━━ RECORDS ━━

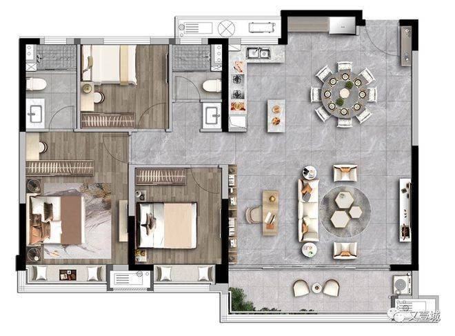 这是一款稍一琢磨,就能发现很多惊喜点的户型。比如连通南北的主卧+超大转角飘窗,比如三个房间最小面宽也达到了约2.95米的尺度,用作卧室丝毫不会拥挤等等。
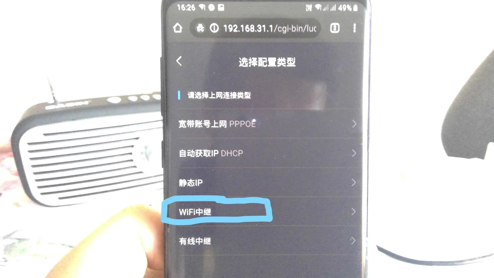 Sau khi vào giao diện, bạn sẽ thấy các tùy chọn cấu hình. Để thiết lập Mi4C thành bộ khuếch đại sóng, hãy tìm và nhấn vào vị trí chữ màu xanh ở cuối cùng bên phải như hình minh họa. Tiếp theo, trong các tùy chọn hiện ra, chọn mục WIFI ở dòng thứ tư. Điều này sẽ đưa bạn đến phần cài đặt mở rộng mạng.
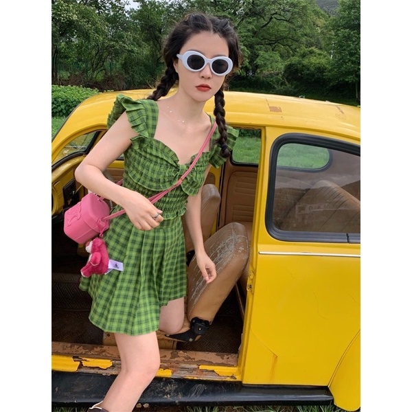 Set áo croptop + chân váy phong cách dễ thương bánh bèo nữ
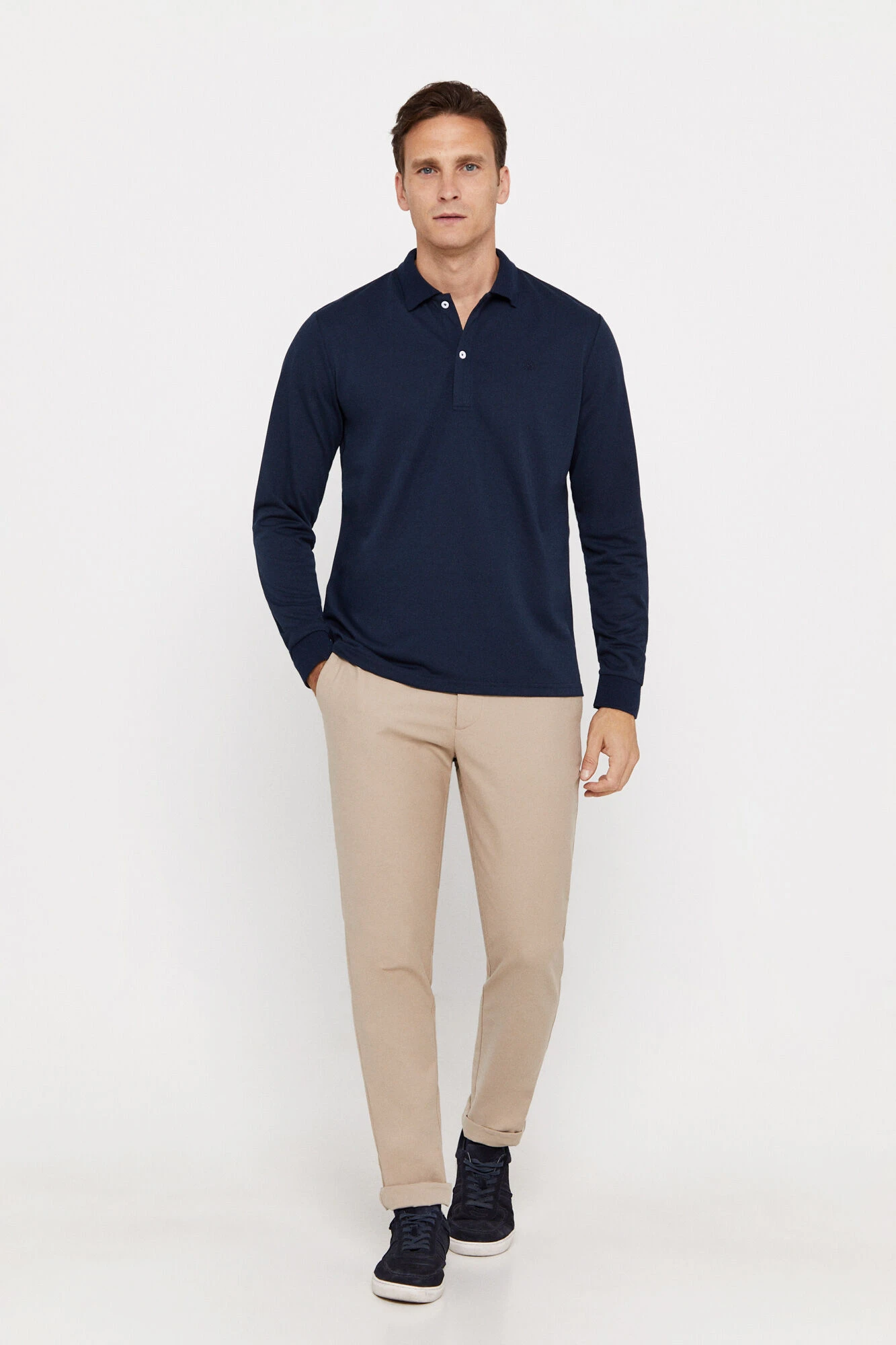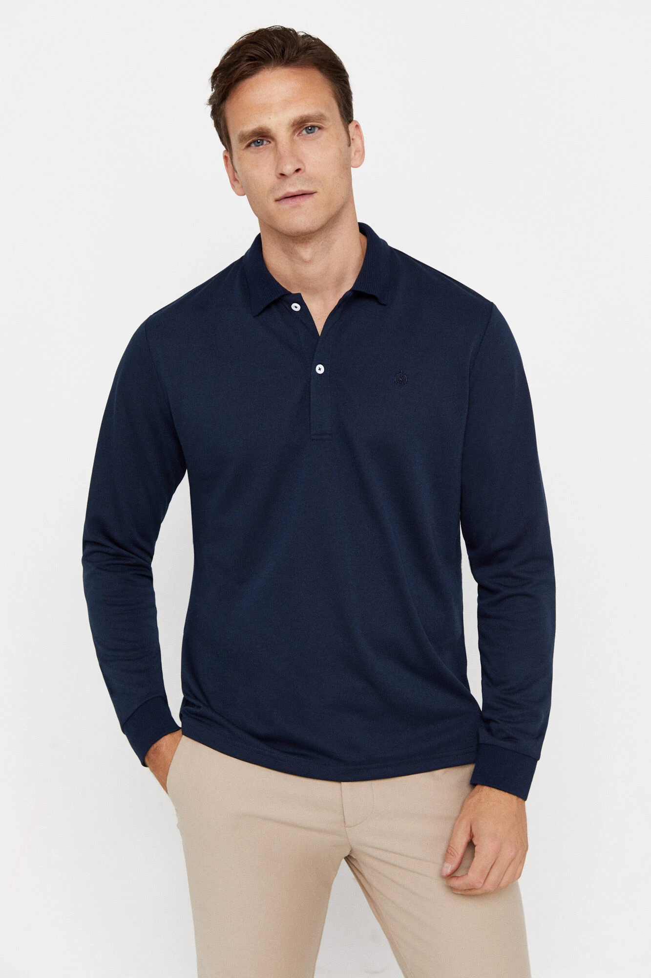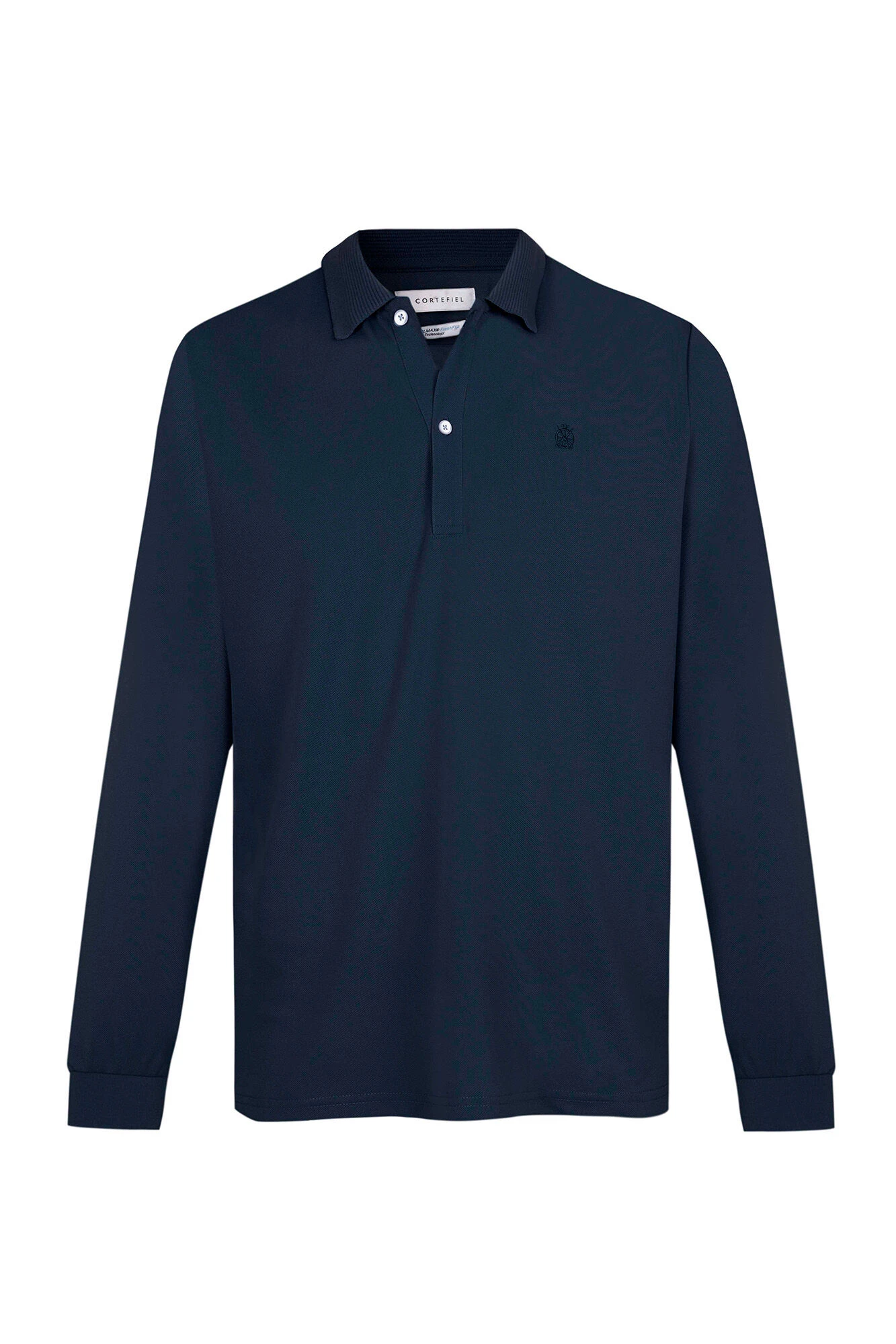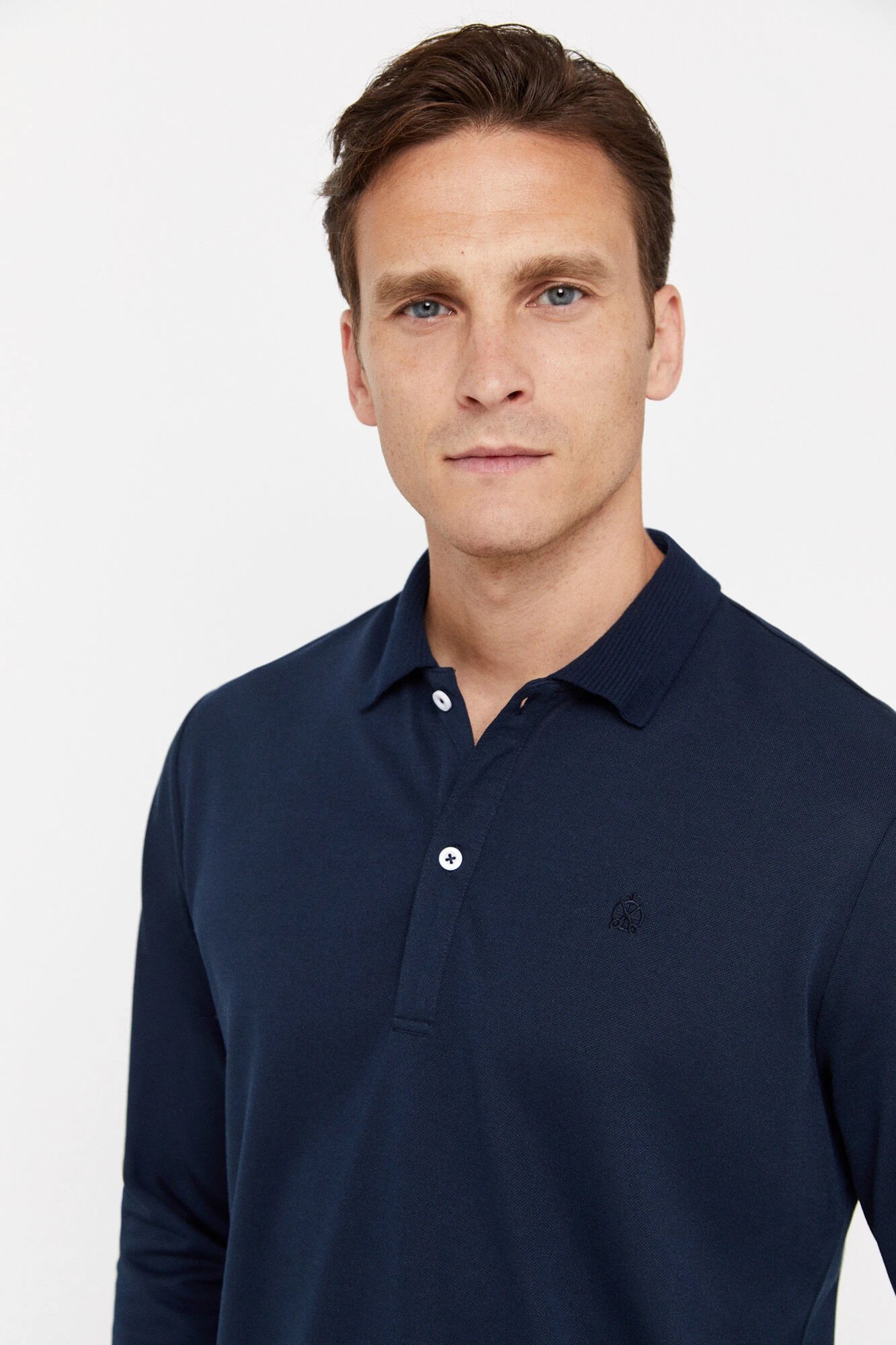 – cuello fantasía, tapeta con botones y logo bordado en el pecho
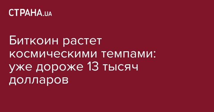 Биткоин растет космическими темпами: уже дороже 13 тысяч долларов

━━━

== PROBLEM DESCRIPTION ==
Set down word for word every line from the one containing "Set áo croptop" through the last line of the records above, both ends included. Leave out the pictures.

== TASK ANSWER ==
 Set áo croptop + chân váy phong cách dễ thương bánh bèo nữ
 – cuello fantasía, tapeta con botones y logo bordado en el pecho
 Биткоин растет космическими темпами: уже дороже 13 тысяч долларов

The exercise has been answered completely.